About this task: What you return must be the lines from the first one below through the one containing "Features: Cut Out", exactly and with pictures excluded.

Provided data:

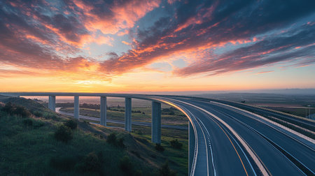A sunset scene on a motorway, with vibrant orange and purple skies illuminating the road as vehicles travel in both directions, creating a stunning contrast.
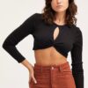 Features: Cut Out Detail, Ribbed Material, Long Sleeves, Cropped Length
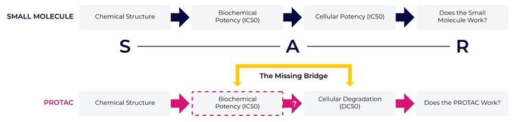 For PROTAC, the SAR is much more difficult than traditional small molecules (inhibitors), since the connection between biochemical and cellular data is not clear. Currently, Western blot is used to evaluate the effectiveness of PROTAC degradation of a target protein, but there is a wide gap between target protein binding and target protein degradation; the “missing bridge”. The high complexity of a PROTAC molecule compared to a traditional small molecule means that robust assays that bridge the gap between the biochemical and cellular data need to be introduced.

Solution for this task:
A sunset scene on a motorway, with vibrant orange and purple skies illuminating the road as vehicles travel in both directions, creating a stunning contrast.
 Features: Cut Out Detail, Ribbed Material, Long Sleeves, Cropped Length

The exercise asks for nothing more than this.